• About this task
Each line below must be reproduced exactly, though the pictures are to be dropped.

• Exercise data

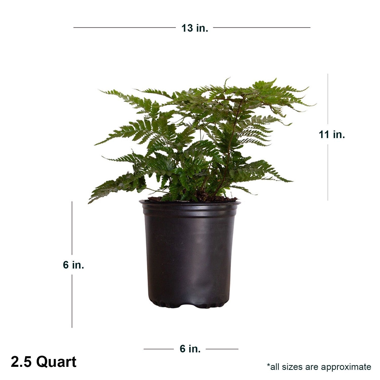 Autumn Fern is a herbaceous perennial which spreads by underground stems. The new growth is a tremendous coppery-red and green which eventually turns green when it matures. It is great specimen to plant in a container or in woodland gardens where it can be allowed to spread and grow into a solid mass. When planting this fern, dig the hole twice as wide as the pot and mix rich garden soil in with your native soil, then leave the top of the root ball 1/2 inch above the ground level when filling the hole with soil. Use a slow release granular fertilizer in spring.
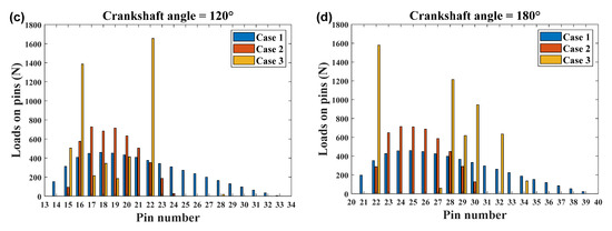 Comparison of the loads distributed among pins and pin-grooves at (a) 0°, (b) 60°, (c) 120°, and (d) 180° crankshaft angles for four cases.
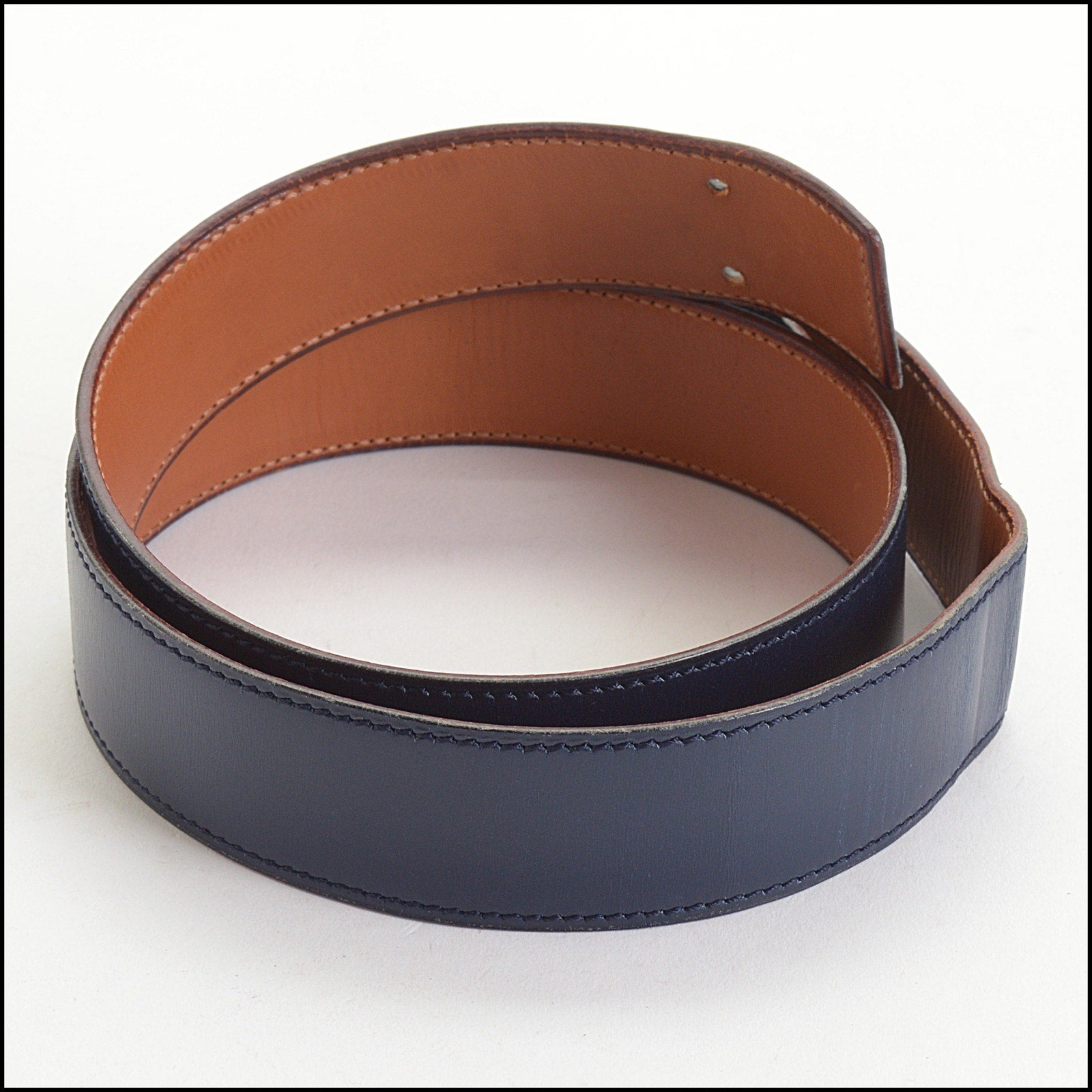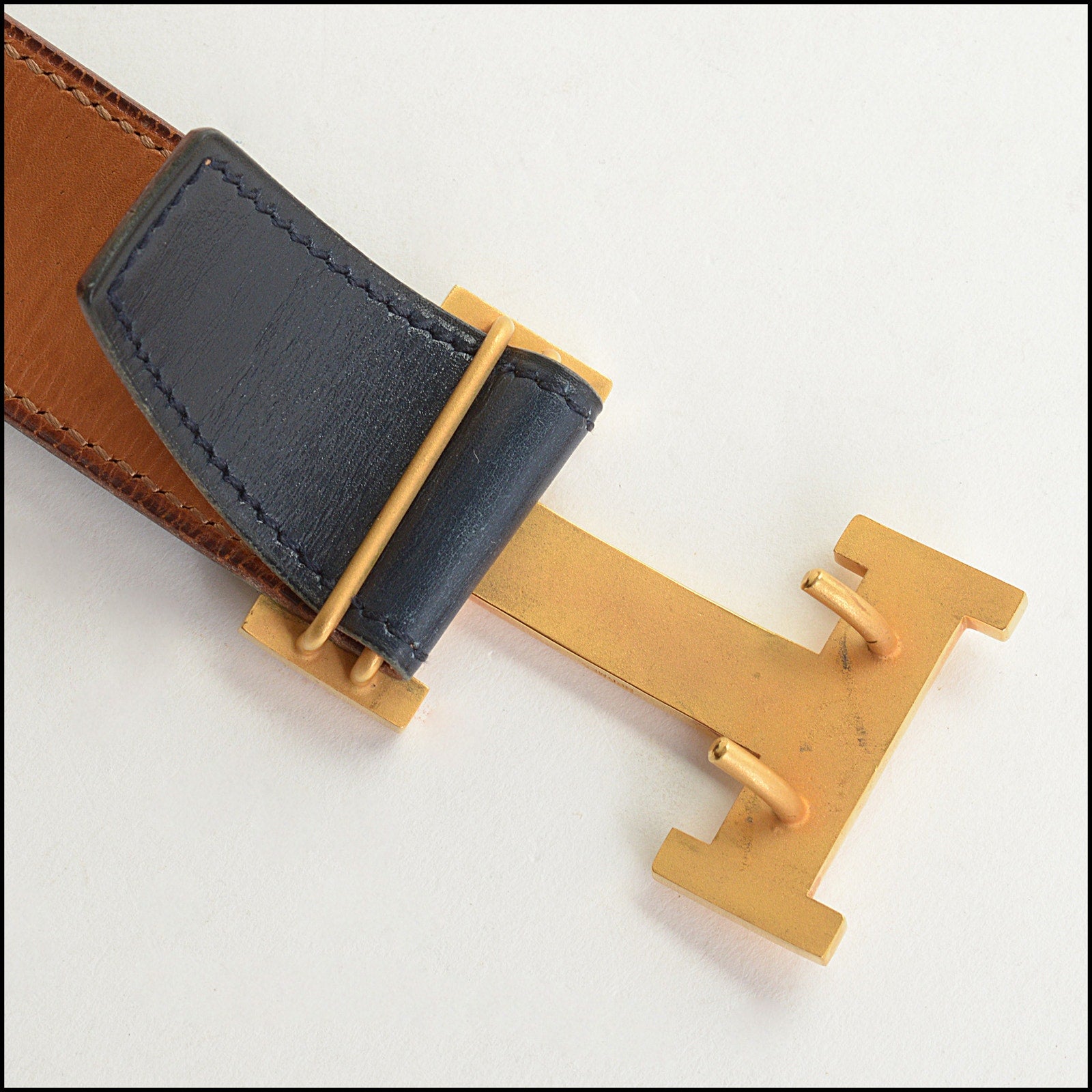RDC14929 HERMES Dark Blue Box Leather Double Prong Gold H Buckle Constance Belt Size S 80/32

• Response area
 Autumn Fern is a herbaceous perennial which spreads by underground stems. The new growth is a tremendous coppery-red and green which eventually turns green when it matures. It is great specimen to plant in a container or in woodland gardens where it can be allowed to spread and grow into a solid mass. When planting this fern, dig the hole twice as wide as the pot and mix rich garden soil in with your native soil, then leave the top of the root ball 1/2 inch above the ground level when filling the hole with soil. Use a slow release granular fertilizer in spring.
 Comparison of the loads distributed among pins and pin-grooves at (a) 0°, (b) 60°, (c) 120°, and (d) 180° crankshaft angles for four cases.
RDC14929 HERMES Dark Blue Box Leather Double Prong Gold H Buckle Constance Belt Size S 80/32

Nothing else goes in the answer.